Wednesday, January 25, 2017

Why I’m Here – Mini Update

After a few months of teaching the kids things about horses and how to work with a horse that’s standing still in the barn (how to groom and saddle, etc.), it was time to start getting them to interact even more with the horse, and teach them how to lead.

Some kids fell in perfect step with Zoeva.

Zoeva is easily one of the sweetest horses you’ll ever meet. She’s not fond of having her cinch tightened and she might squeal and squirm when you hurt her bad leg, but she’s an angel otherwise. One week to demonstrate what faith meant, I sat beneath her belly while she was tied and then left the rope hanging over her neck and had her follow me in circles around the riding ring, which she did despite me having never trained her to do so.

And yet, nearly all of the pre-teen girls were terrified of her and didn’t want to step up and lead her.
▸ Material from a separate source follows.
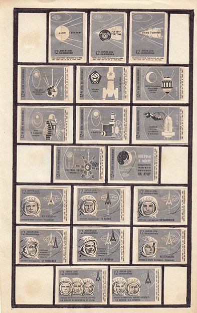 Набор спичечных этикеток. День космонавтики, 19 штук на листе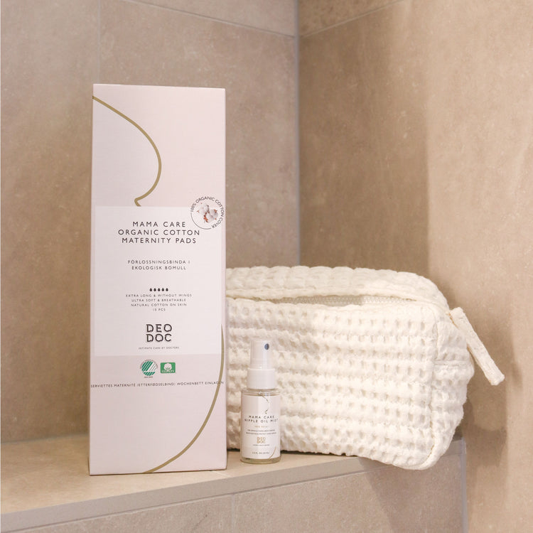 "Mama-kiten innehåller produkter som verkar vårdande för olika hudområden under och efter graviditeten. Gemensamt för huden, oavsett om det är intimhuden, magen eller bröstvårtorna, är att den utsätts för påfrestningar och blir känsligare och skörare. Därför är det viktigt att använda skonsamma produkter som inte irriterar en redan belastad och skör hud."

N led the pack and led Zoeva around the round pen first, but since she knows the horse well and is fearless (in their minds), that did nothing to encourage them to do the same. I got a few of the other girls to take the pony out for a spin, but the others took more convincing.

The little girls were shy but fearless.

As a couple of them cringed away from her while declaring their fear and desire to NOT lead her, little Zoeva would turn her head toward them, ears forward, and seemed to be asking them why they were so afraid of her. I don’t know how, but every time she picked out the girl who I had asked to go next, and stared her down until she relented and grabbed the lead rope.

She wasn't a big fan of the "barrel race" I set up, but the kids got a kick out of it!

I walked with the last three, and a conversation that I had had dozens (if not hundreds) of times at the camp in Michigan came to mind, and so I began it with all of them as I leaned casually on Zoeva’s neck. I asked them what is bravery. The answer came quick: “Not being afraid.” I shook my head and told them, “Being brave means doing whatever it is you want even though you’re afraid. It’s ok to be afraid, but you can’t let that fear stop you from reaching your goals or from doing what you need to do.”

They nodded their heads in agreement, but I pray that they meant it, that they really understood the lesson, that something has sparked in them and that by overcoming their fear of leading a horse, they can become emboldened to overcome other fears they have in other areas of their life. That’s why I’m at the Ranch. For this moment, where I can use a horse to reach the heart of a child.